Both fields have no default — pydantic-settings raises ValidationError at startup if they are absent from the environment.
Docker Compose¶
All services use the :? expansion syntax for required secrets:
DB_PASSWORD: ${DB_PASSWORD:?DB_PASSWORD must be set in .env}
JWT_SECRET: ${JWT_SECRET:?JWT_SECRET must be set in .env}
docker compose up fails immediately with a clear message if these are not set in the shell environment or .env file.
Production Secret Injection¶
| Environment | Mechanism |
|---|---|
| Azure | Azure Key Vault via managed identity |
| AWS (Marketplace) | SSM Parameter Store (documented in docs/deployment/aws-setup.md) |
| Local / dev | .env file — explicitly excluded from git |
Local .env Update Required¶
After this change, the existing local .env value JWT_SECRET=change-me-in-production-please-use-strong-secret will be rejected at startup. Generate a new value:
python -c "import secrets; print(secrets.token_hex(32))"
Update control-plane/.env with the output before starting the server.
Files¶
| File | Purpose |
|---|---|
control-plane/shared/config/settings.py |
Validators, no-default fields |
control-plane/.env.example |
Updated with generation hints, removed stale vars |
control-plane/docker-compose.yaml |
:? required-env syntax on all services |
4. Transport Security¶
Purpose¶
All traffic between agents and SCP must be encrypted in transit. Plaintext connections to any external-facing endpoint are not acceptable in a regulated deployment.
Threat Model¶
| Threat | Mitigation |
|---|---|
| API traffic intercepted in transit | Caddy terminates TLS on port 443; all agent traffic goes HTTPS |
| Context webhook traffic intercepted | Caddy proxies context:8003 on port 8443 with TLS |
| Direct plaintext access to app ports | Firewall/security group blocks 8000–8004 from external networks in production |
| Postgres connection unencrypted | DB_SSL_MODE=require enforced via asyncpg ssl=True |
Architecture¶
Agent → HTTPS :443 → Caddy → HTTP api:8000 (internal Docker network)
Agent → HTTPS :8443 → Caddy → HTTP context:8003 (internal Docker network)

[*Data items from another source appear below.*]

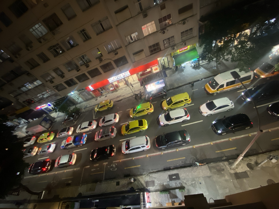 An aerial view reveals a street lined with parked cars, primarily yellow and white, reflecting ambient light. Buildings flank the street, one prominently displaying "Americanas" in red. A white van and a police car are also visible. The scene is captured at night, with streetlights and building windows illuminating the area. Shadows from the buildings and objects on the street add depth to the image.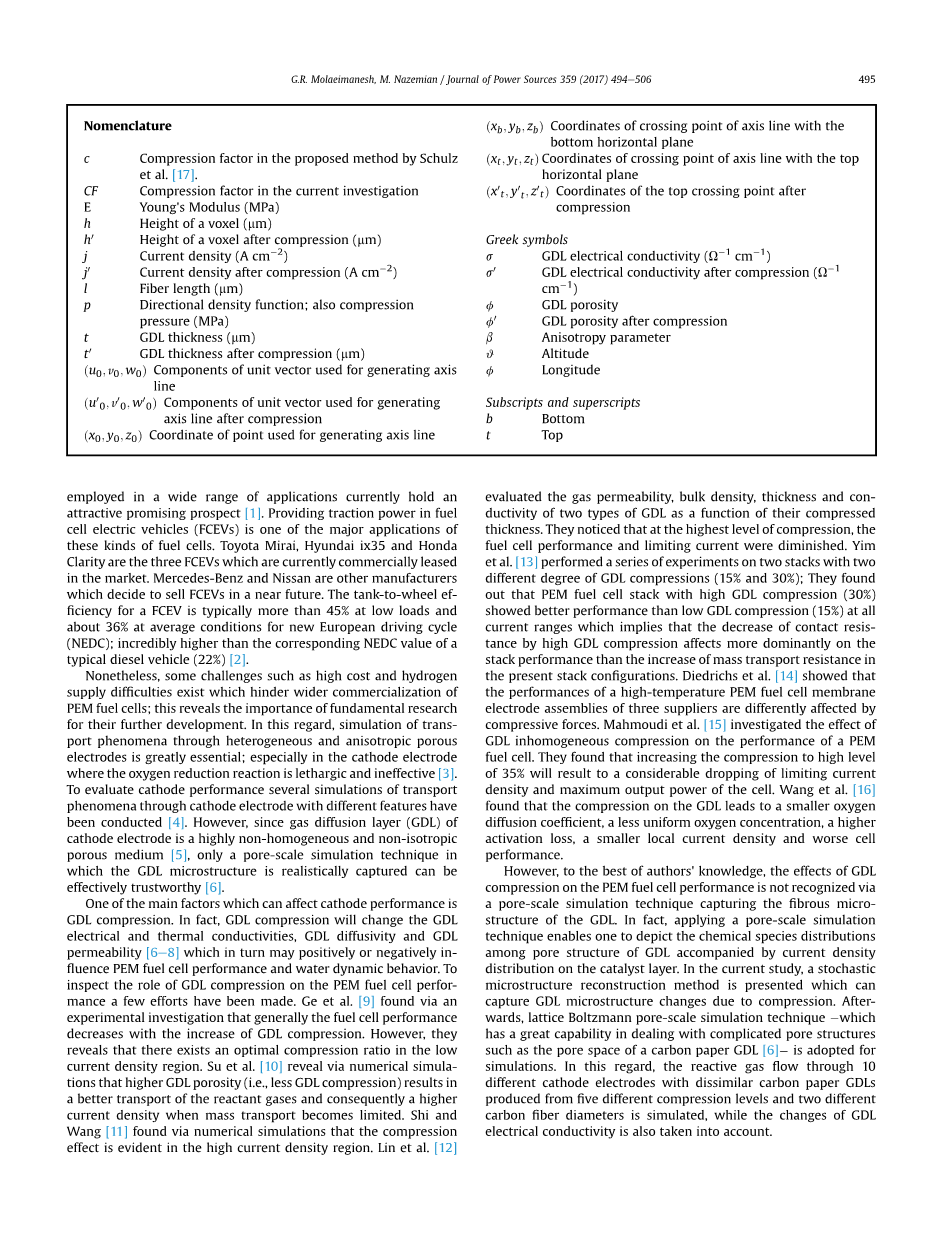 其中一个能影响阴极性能的是气体扩散层的压力。实际上,气体扩散层压力将会改变气体扩散层电和热的传导,GDL扩散率和GDL渗透率或许会相应积极或消极地影响燃料电池的性能以及水的动力特性。为了检测GDL压力在燃料电池性能中的重要性,人们已经做出了一些努力。有人通过一个实验调查发现通常随着GDL压力的增加燃料电池的性能降低。然而,他们揭示出在低电流密度区域存在一个最佳压力比。有人通过数字仿真揭示出更高的GDL多孔性(更小的GDL压力)导致更好的反应气体传输效果,并且当质量传输变有限时导致更高的电流密度。Shi和Wang通过数字仿真揭示出压力影响在高电流密度区域是明显的。Lin等人估计了气体的渗透性,体积密度,厚度和两种类型GDL的传导率,作为它们压缩厚度的函数。他们指出在最高的压力状态,燃料电池的性能和限制电流密度降低。Yim等人在两个拥有不同GDL压力程度的电池堆(15%和30%)进行了一系列的实验;他们发现在所有的电流范围,有较高GDL压力的质子交换膜燃料电池堆(30%)比较低的GDL压力(15%)表现出更好的性能,这表明在如今的电池堆结构下,在高GDL压力下的接触阻力减小对电池堆的性能影响比质量传输阻力的减小更具主导作用,Diredrichs等人展示了由三个供应商提供的高温质子交换膜燃料电池膜电极组的性能受到压缩力不同程度的影响。Mahmoudi等人研究了GDL不均匀压力对质子交换膜燃料电池的性能影响。他们发现增加压力到35%的高水平,将导致限制电流密度较大的降低,以及电池最大的输出功率。Wang等人发现对GDL的压力导致了氧气扩散率的降低,不均匀的氧气聚集,更高的活化损失,更小的当地电流密度以及更差的电池表现。然而,据作者所知,GDL压力对质子交换膜燃料电池性能的影响并没有通过一种捕捉GDL纤维结构的仿真技术而得出。实际上,运用一种孔隙尺度仿真技术使我们能够描述化学物质在GDL孔隙结构中的分布以及催化层电流密度的分布。在目前的研究中,展示了一种随机微观结构重组方法,它能捕捉GDL微观结构在压力下的改变。然后,格子玻尔兹曼孔隙尺度仿真技术(能很好的处理类似于GDL碳纸孔隙空间的复杂孔隙结构),被用于仿真。在这点上,气体通过由5种不同压力水平和2种不同碳纸纤维直径组成的10种含有不同GDL碳纸的阴极的过程得以仿真,同时GDL电传导率也被考虑在内。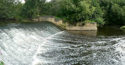 Weir On River Aire At Ngr 2655 3488, weir in Leeds, West Yorkshire, UK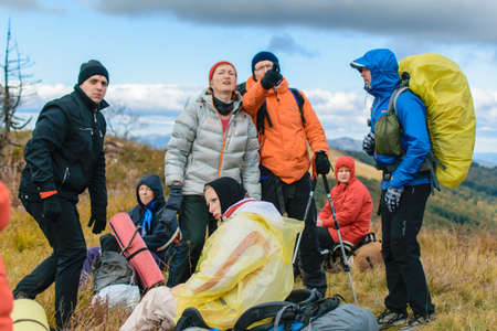 Carpathians, Ukraine- September 29, 2018: A group of people hiking on a halt during a tourist hike.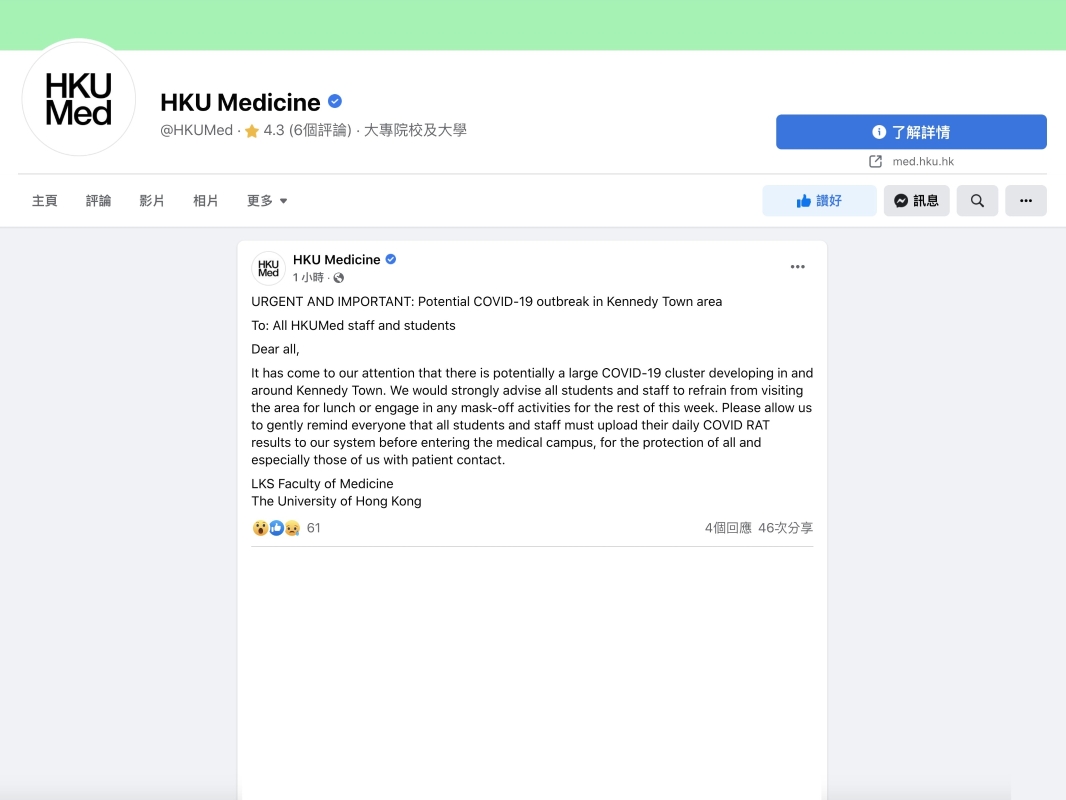 發放防疫訊息引起恐慌?港大醫學院回應了!分享到: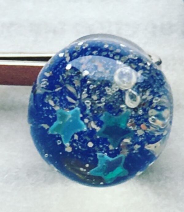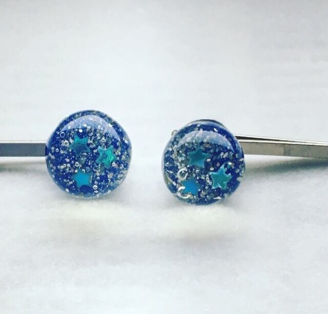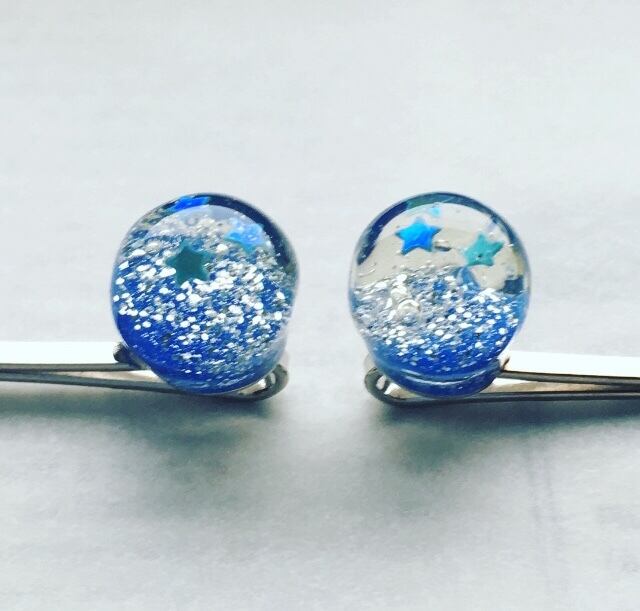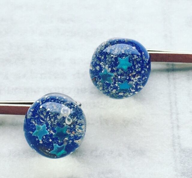 ブルー星とシルバーラメのレジンヘアピン〜ブルーレジンの中にブルー星とシルバーラメを閉じ込めた髪飾り、ヘアピンです。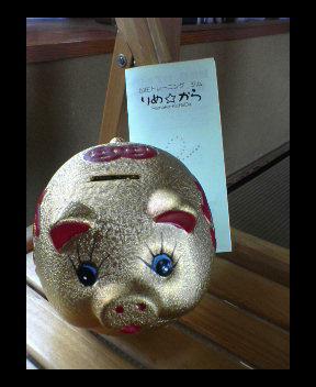 手前の金色ブタくん、ミナクアの500ccボトルの料金入れになっています。チャリ〜ンとお金を入れる時に頭をなでてあげると、ゴリヤク有り!という話があるとかないとか・・・。
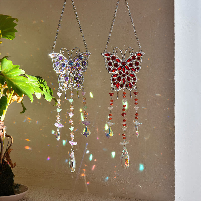 Butterfly Crystal Suncatcher wind chime is crafted with natural gemstones like Moonstone and Ruby Quartz. The delicate butterfly design paired with soft chimes promotes harmony and tranquility. Ruby Quartz is used for the red version, while Moonstone adds elegance to the other. Hang it in windows or outdoor spaces to catch sunlight, creating soothing reflections and gentle sounds.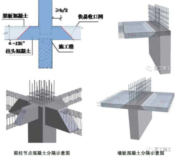 2、梁柱不同强度等级混凝土,采用快易收口网分隔,成 45 度角放置。快易收口网应在梁侧模安装前绑扎完成。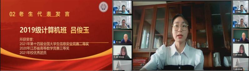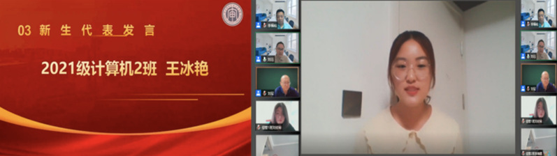 随后,信息学院高年级优秀学生代表和2021新生代表分别进行发言,分享了自己和大学相关的经验和感悟。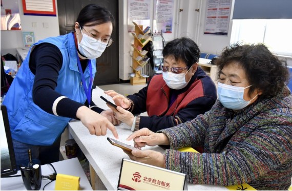 Bir gönüllü, Çin'in başkenti Beijing'in Fengtai Bölgesi'ndeki bir toplulukta yaşlıların çevrimiçi ödeme uygulaması kullanmasına yardımcı oluyor, 12 Kasım 2021. (Fotoğraf: Li Xin/Xinhua)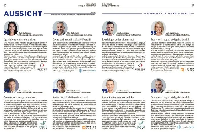 Revue passieren lassen und unseren Leser:innen einen Ausblick auf das Jahr 2024 bieten können. Sprechen Sie über aktuelle Themen, die die Branche bewegen. Präsentieren Sie sich als Marktführer und geben Sie spannende Einblicke in Ihre Vorhaben. Die Kleine Zeitung Leser:innen, wichtige Einflussnehmer:innen und Peers aus der Steiermark und Kärnten, erfahren somit von Ihrem Ausblick zur wirtschaftlichen Zukunft.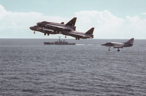 25. Lightnings fly past HMAS Melbourne in company with a RAN Skyhawk during exercise Bersatu Padu (complete unity) in 1970.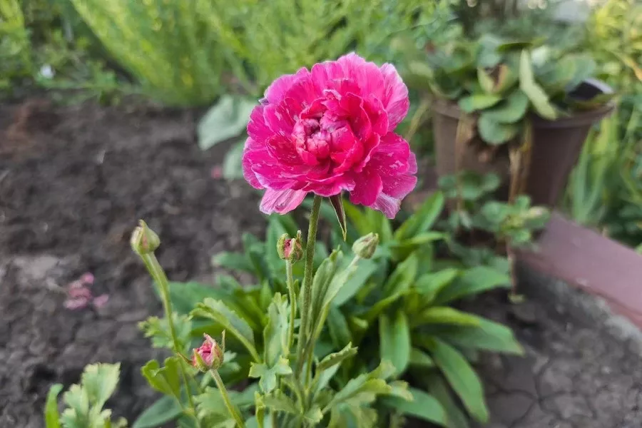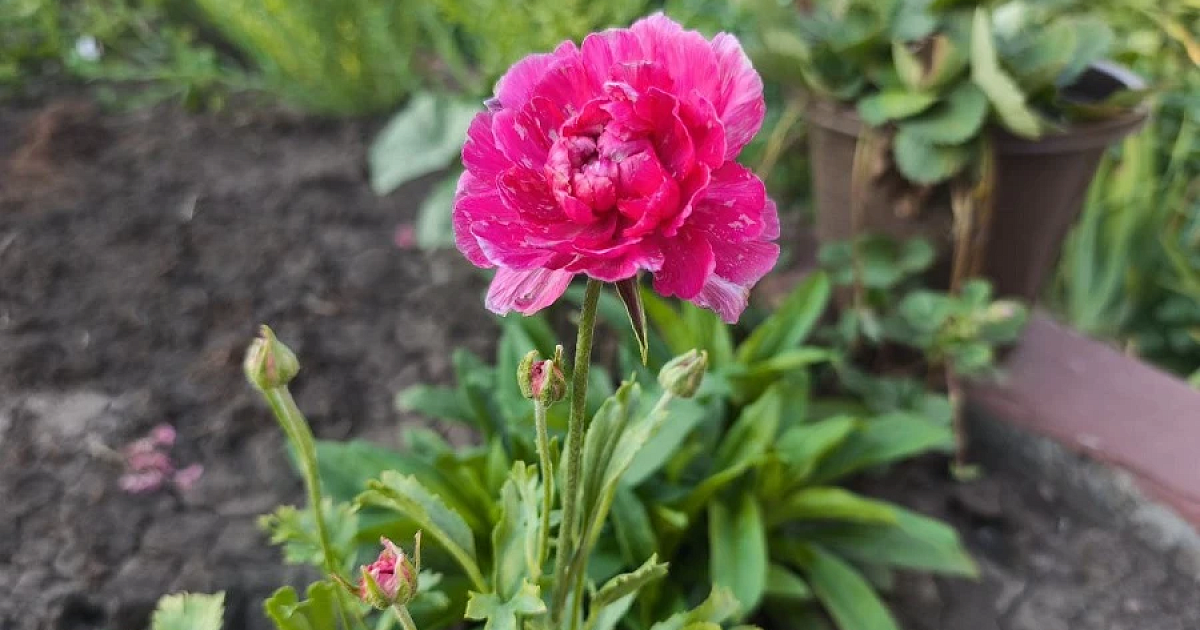 Пока ранункулюс цветет, важно уделять ему внимание: периодически удалять увядшие цветы и аккуратно пропалывать землю вокруг куста, если сажаете на улице.

TLS termination is at Caddy. Internal service-to-service traffic stays on the scp-network Docker bridge and does not leave the host.
gRPC (port 8002) is proxied at the load balancer layer in production (AWS ALB with TLS termination, as configured in the CloudFormation stack). It is not routed through Caddy in the current setup.
Caddy Configuration¶
Dev (CADDY_DOMAIN=localhost):
- tls internal — Caddy generates a self-signed CA and cert on first run
- Run caddy trust once to install the CA in the system trust store
- Cert is stored in the caddy_data Docker volume (persists across restarts)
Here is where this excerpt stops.